Problem requirements: Your reply is to be the lines below, exactly as written, with images omitted.

Given information:

= = = = = = =

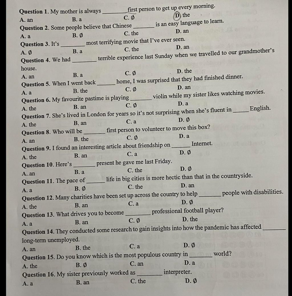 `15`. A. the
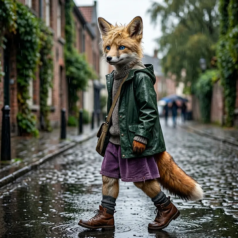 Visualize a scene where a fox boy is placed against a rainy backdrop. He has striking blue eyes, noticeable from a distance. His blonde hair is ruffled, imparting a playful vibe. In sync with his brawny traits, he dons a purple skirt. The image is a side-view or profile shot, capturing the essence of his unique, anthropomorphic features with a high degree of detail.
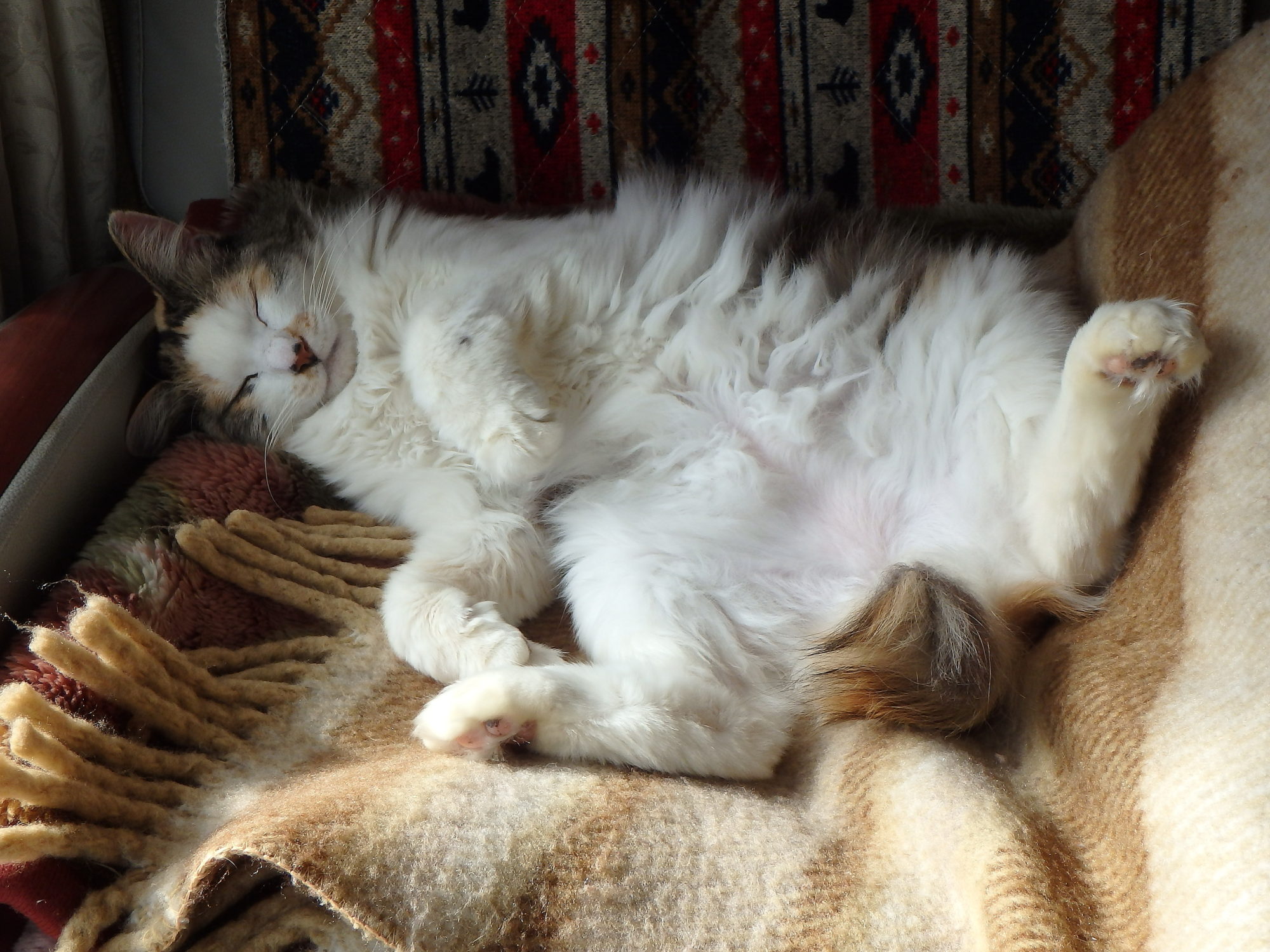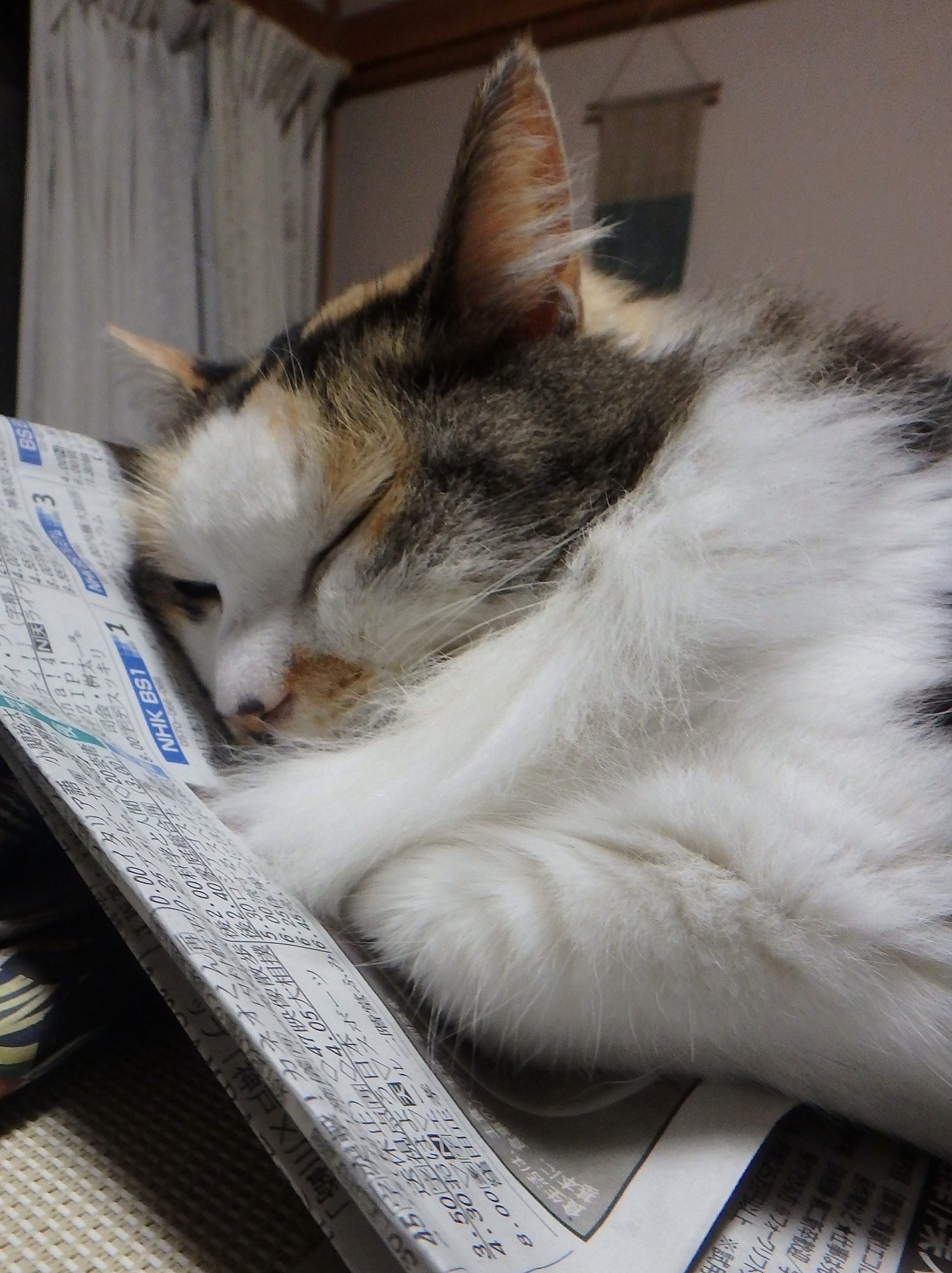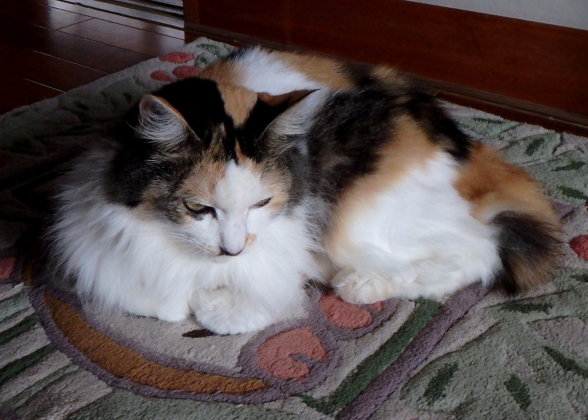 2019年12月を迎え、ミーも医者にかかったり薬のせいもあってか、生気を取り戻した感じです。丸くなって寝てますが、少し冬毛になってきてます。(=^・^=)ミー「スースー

= = = = = = =

Written response:
 `15`. A. the
 Visualize a scene where a fox boy is placed against a rainy backdrop. He has striking blue eyes, noticeable from a distance. His blonde hair is ruffled, imparting a playful vibe. In sync with his brawny traits, he dons a purple skirt. The image is a side-view or profile shot, capturing the essence of his unique, anthropomorphic features with a high degree of detail.
 2019年12月を迎え、ミーも医者にかかったり薬のせいもあってか、生気を取り戻した感じです。丸くなって寝てますが、少し冬毛になってきてます。(=^・^=)ミー「スースー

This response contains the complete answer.